Coluna Empreender

A arte de chamar tudo de arte

Coluna Empreender com Aimée Resende

Nos últimos dias, me peguei incomodada por algo que, à primeira vista, parecia apenas mais uma expressão corriqueira: a arte da estratégia, a arte de empreender, a arte de fazer acontecer. Três cliques em qualquer rede social e lá está ela: a palavra “arte” utilizada como selo de profundidade, como se bastasse incluí-la para elevar o valor de qualquer ação. Mas será que estamos falando mesmo de arte?
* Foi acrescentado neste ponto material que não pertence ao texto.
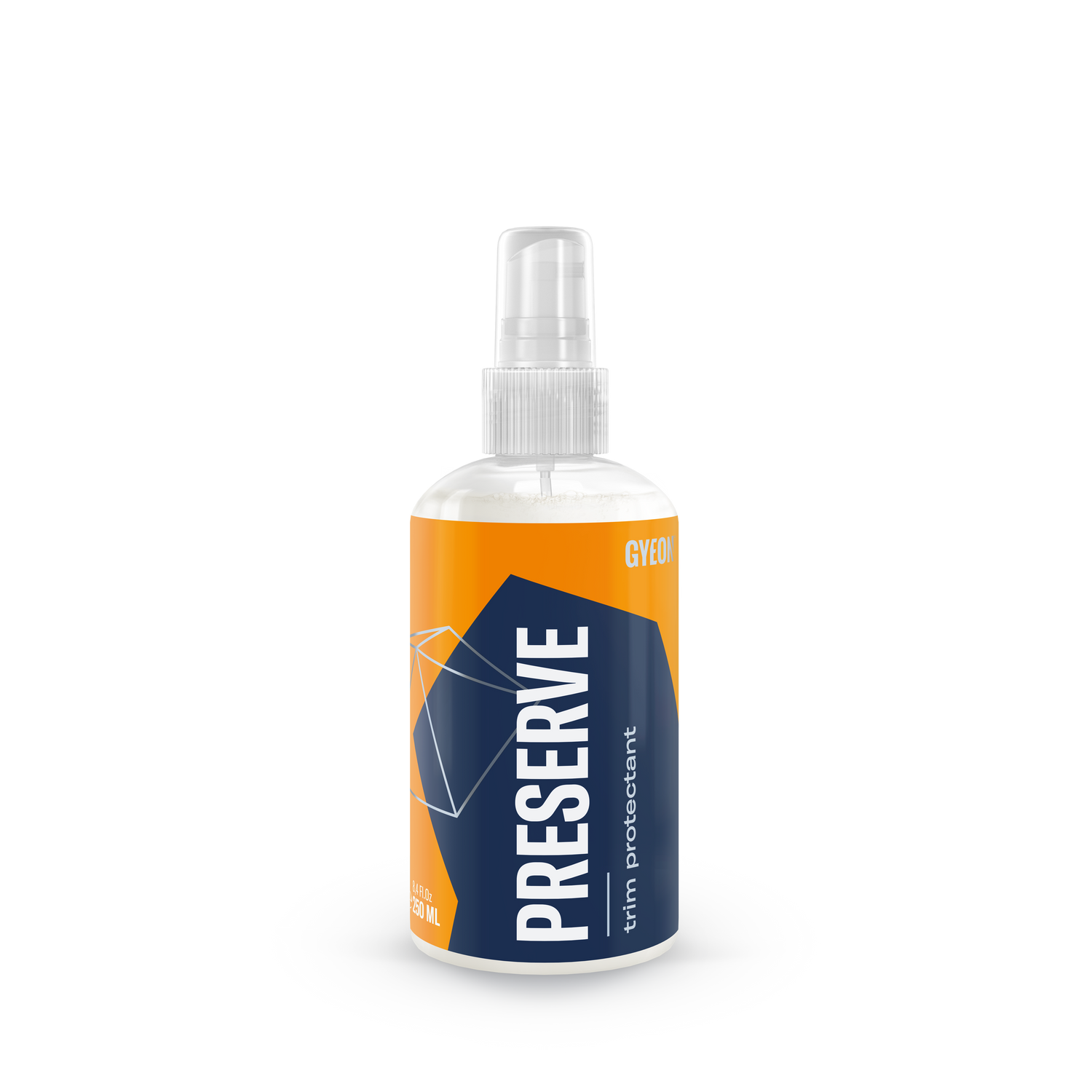 GYEON Q²M Preserve ist eine wasserbasierte Kunststoffpflege für Innen- und geschützte Außenbereiche, die Oberflächen auffrischt, vorzeitigem Ausbleichen entgegenwirkt und ein natürlich mattes, nicht speckiges Finish hinterlässt.

Ou será só uma embalagem bonita para algo que, no fundo, perdeu a essência?
Comecei a reparar que todo início de semana, talvez por conta do peso simbólico que ela carrega de recomeço, produtividade e superação, vem carregada de frases motivacionais, dicas infalíveis, empurrões disfarçados de incentivo. “Vai dar certo”, “confia no processo”, “você nasceu pra isso”… Tudo soa meio repetido. Uma colagem de palavras coladas no tempo, que nos alcança mais como ruído do que como reflexão. Mesmo quando a intenção é boa, parece que estamos sendo levados por um automatismo de crenças recortadas. E a tal da “arte” entra nesse contexto como se fosse um tempero universal: arte de liderar, arte de comunicar, arte de vender, arte de planejar. Mas que arte é essa?
Não estou falando da arte de Da Vinci, da leveza dos impressionistas, do delírio barroco, do rasgo brutal do expressionismo. Não me refiro ao traço do artesão, ao canto ancestral ou ao movimento coreografado que faz o corpo virar palavra. Estou falando da arte que virou ferramenta de marketing. Do uso da palavra como recurso para seduzir, para vender cursos, métodos, produtos. Arte como fórmula. Como selo de autenticidade. Como truque de linguagem.
É claro que toda ação humana carrega, em alguma medida, um gesto criativo. Mas isso é diferente de chamar tudo de arte. Quando tudo vira arte, o que sobra de fato como arte? Essa é a pergunta que me provocou.
Talvez o que me irrite não seja o uso da palavra, mas o esvaziamento dela. Porque se arte é estratégia, planejamento, execução e resultado, então onde fica o erro? Onde fica o espanto? Onde se esconde o mistério, o desconcerto, a possibilidade de fracasso que também compõe a beleza de criar?
A arte, no seu sentido mais profundo, é o lugar onde as perguntas moram. Ela não está preocupada em te dar um plano de ação em cinco passos. Ela é aquela presença que te convida ao risco, ao desvio, ao incômodo. Ela não se importa se você vai vender mais, performar melhor, alcançar metas ou dobrar o faturamento. Arte, de verdade, se importa em te atravessar. Em fazer você sair diferente do que entrou.
Mas o que temos hoje é um discurso sedutor que empilha palavras bonitas para esconder o vazio. Chamar de “arte” um processo puramente técnico ou mercadológico não o torna mais profundo. Apenas o embala melhor. E talvez seja justamente isso que me pega: a forma como estamos embalando tudo, o tempo todo, para parecer mais do que é.
Existe, sim, uma beleza em planejar. Existe sensibilidade na estratégia. Existe poesia no empreender. Mas nem tudo precisa ser chamado de arte para ser valioso. Existe valor no que é técnico, no que é objetivo, no que é metódico. E reconhecer isso sem tentar romantizar tudo talvez seja o primeiro passo para reencontrarmos a autenticidade.
No fim das contas, talvez eu só esteja cansada de tanta palavra com capa dourada. Talvez a arte, nesse mundo que corre sem pausa, seja justamente o que escapa das fórmulas. Talvez ela esteja no silêncio entre uma tarefa e outra. Talvez na pausa do café mal passado de segunda-feira. Talvez na dúvida. Talvez no que não tem nome ainda.
E talvez, só talvez, a maior arte que nos falta seja a de parar. Respirar. E perguntar, com coragem e sem pressa: isso aqui é mesmo arte ou só parece ser?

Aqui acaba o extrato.